Extracted records:
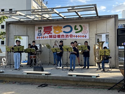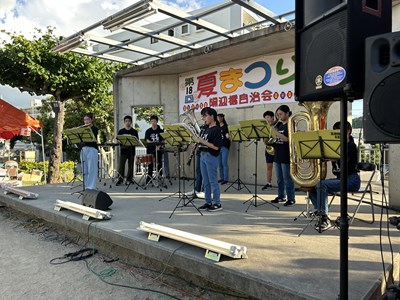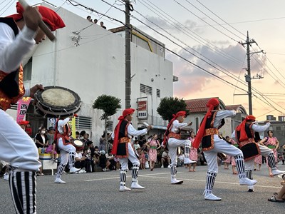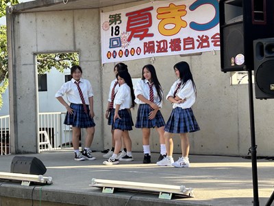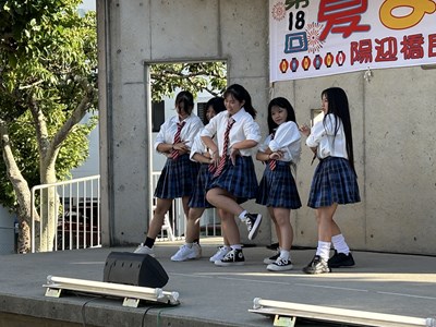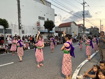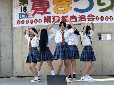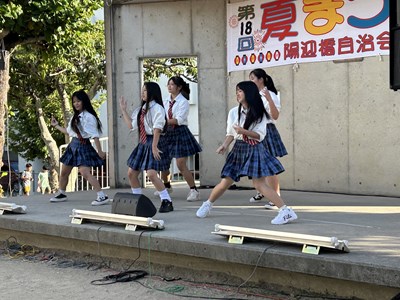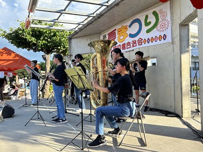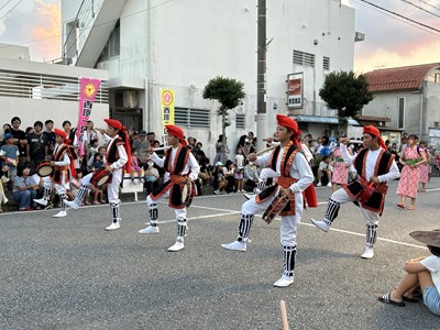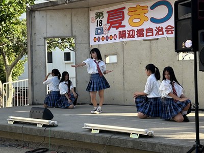 夏休み期間に各自治会の夏祭りが開催されています。本校生徒が地域の行事に参加してステージや屋台運営で活躍している姿を見ることができました。写真は陽迎橋自治会夏まつりに参加したダンスチームと吹奏楽部、西原大綱引きでのエイサーの様子です。若い力が地域を盛り上げている姿はとても素晴らしいです。
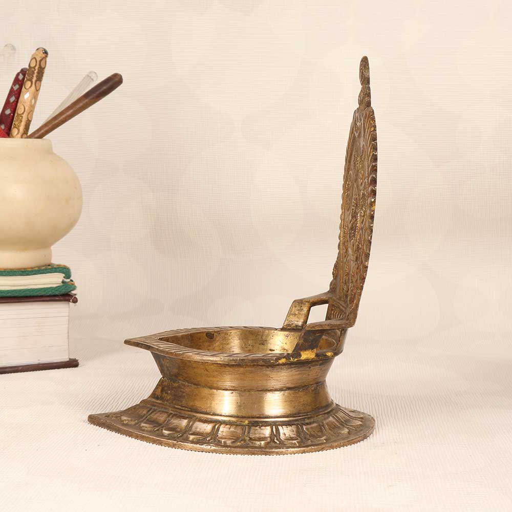 Illuminate your home with the divine light of the goddess Gajlaxmi with this vintage brass oil lamp. This intricately carved lamp depicts the Hindu goddess Gajlaxmi, who brings good fortune, wealth and prosperity into homes. The lamp features fine details of Gajlaxmi, elephants and traditional Indian motifs that will add an elegant, spiritual touch to any room. This special lamp makes a wonderful housewarming or wedding gift. The soft glow of the flame is calming and peaceful, creating an ambiance perfect for meditation, prayer, or just relaxing at the end of a long day. Give the gift of serenity and invite fortune into your home with this divine brass Gajlaxmi lamp.
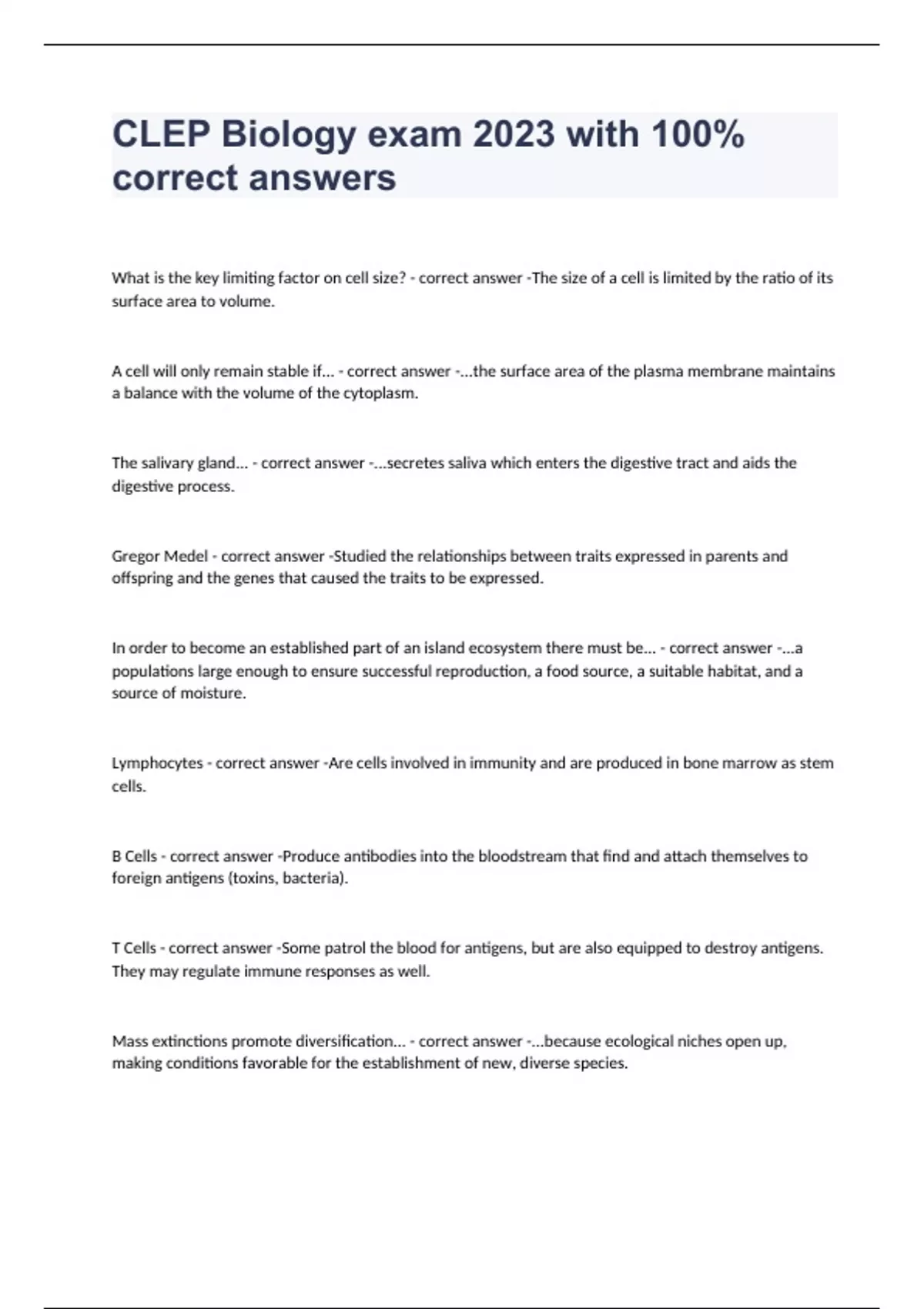 What is the key limiting factor on cell size? - correct answer -The size of a cell is limited by the ratio of its surface area to volume. A cell will only remain stable if... - correct answer -...the surface area of the plasma membrane maintains a balance with the volume of the cytoplasm. The salivary gland... - correct answer -...secretes saliva which enters the digestive tract and aids the digestive process. Gregor Medel - correct answer -Studied the relationships between traits expressed in parents and offspring and the genes that caused the traits to be expressed. In order to become an established part of an island ecosystem there must be... - correct answer -...a populations large enough to ensure successful reproduction, a food source, a suitable habitat, and a source of moisture. Lymphocytes - correct answer -Are cells involved in immunity and are produced in bone marrow as stem cells. B Cells - correct answer -Produce antibodies into the bloodstream that find and attach themselves to foreign antigens (toxins, bacteria). T Cells - correct answer -Some patrol the blood for antigens, but are also equipped to destroy antigens. They may regulate immune responses as well. Mass extinctions promote diversification... - correct answer -...because ecological niches open up, making conditions favorable for the establishment of new, diverse species. Common eleme
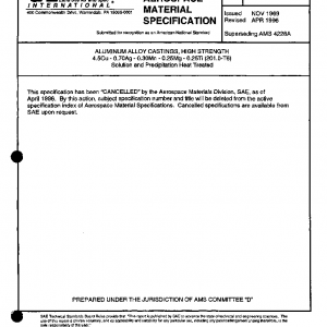 This specification has been ‘CANCELLED’ by the Aerospace Materials Division, SAE, as of April 1996. Alloy: A201.0-T6 UNS Number: A12010
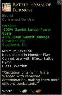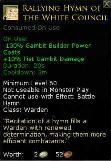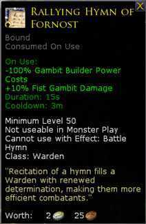 „Schlachtruf-Hymnen“ entfernen die Kraftkosten des Gambit-Aufbaus und erhöhen den Schaden durch alle Faust-Gambits 20 Sekunden lang um 10 %. Schlachtruf-Hymnen sind ab Stufe 25 erhältlich und bieten alle 5 Stufen eine stärkere Version.
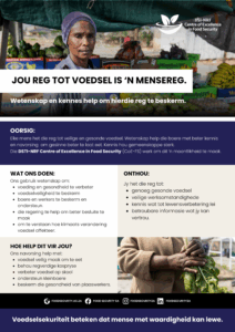 Elke mens het die reg tot veilige en gesonde voedsel. Wetenskap help die boere met beter kennis en navorsing om gesinne beter te laat eet. Kennis hou gemeenskappe sterk. Die DSTI-NRF Centre of Excellence in Food Security (CoE-FS) werk om dit ‘n moontlikheid te maak.
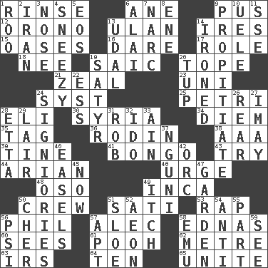 ACROSS 1. Remove soap 6. A saturated hydrocarbon 9. Festering 12. U. of Maine site 13. Uhlan (variant) 14. Angers 15. Fertile tracts in a desert 16. Have the gumption 17. Hero or heavy, e.g. 18. Born 19. Ketch in the Levant 20. Drink excessively 21. Ardor 23. University (slang) 24. System (abbr.) 25. _ dish (used to culture cells) 28. Connecticut Ivy Leaguer 30. Damascus' land 34. South Vietnam president (1954) 35. Label 36. "The Thinker" sculptor 38. Auto club (abbr.) 39. Prong on a fork 41. Beat drum 43. Attempt to accomplish something 44. Believer in; advocate of (suffix) 46. Goad 48. Bear (Spanish) 49. South American Indian 50. Ship's personnel 51. Suttee (variant) 53. Strike 56. Silvers or Donahue 57. Actor Baldwin 58. Ferber et al. 60. Perceives with the eye 61. "Silly old bear" 62. Distance measurement (Brit.) 63. Big collection agency 64. Nine, plus one 65. Join together DOWN 1. Friend of Pooh 2. SW Asia republic 3. Sense of smell 4. Dwarf with a sinus problem 5. Greek goddess of the dawn 6. Jai _ 7. Drug cop 8. Compass dir. 9. Appease 10. Ubangi River tributary 11. Compass dir. 13. Allodial 14. Pressed 19. Letch 20. Uncastrated adult male sheep 22. Double-curved letter 24. Seigniories (variant) 26. Located in or toward the back 27. "If ____ say so..." 28. Singer James 29. Den 31. Director Reiner 32. Wedding promise 33. The 18th letter of the Arabic alphabet 37. Group of southern Bantu languages 40. Artist's stands 42. The grampus (Milton) 45. Immediately 47. Place where plants grow 49. Hankering 50. "Mermaids" star 51. A type of plum 52. Age 54. Opposed to 55. Component 56. Air pressure measure (abbr.) 57. Fitting 58. Australian flightless bird 59. Observe

▶ Problem to solve
With pictures removed, write out exactly each line of the entries from the first through the line that holds "Illuminate your home".

▶ Response area
 夏休み期間に各自治会の夏祭りが開催されています。本校生徒が地域の行事に参加してステージや屋台運営で活躍している姿を見ることができました。写真は陽迎橋自治会夏まつりに参加したダンスチームと吹奏楽部、西原大綱引きでのエイサーの様子です。若い力が地域を盛り上げている姿はとても素晴らしいです。
 Illuminate your home with the divine light of the goddess Gajlaxmi with this vintage brass oil lamp. This intricately carved lamp depicts the Hindu goddess Gajlaxmi, who brings good fortune, wealth and prosperity into homes. The lamp features fine details of Gajlaxmi, elephants and traditional Indian motifs that will add an elegant, spiritual touch to any room. This special lamp makes a wonderful housewarming or wedding gift. The soft glow of the flame is calming and peaceful, creating an ambiance perfect for meditation, prayer, or just relaxing at the end of a long day. Give the gift of serenity and invite fortune into your home with this divine brass Gajlaxmi lamp.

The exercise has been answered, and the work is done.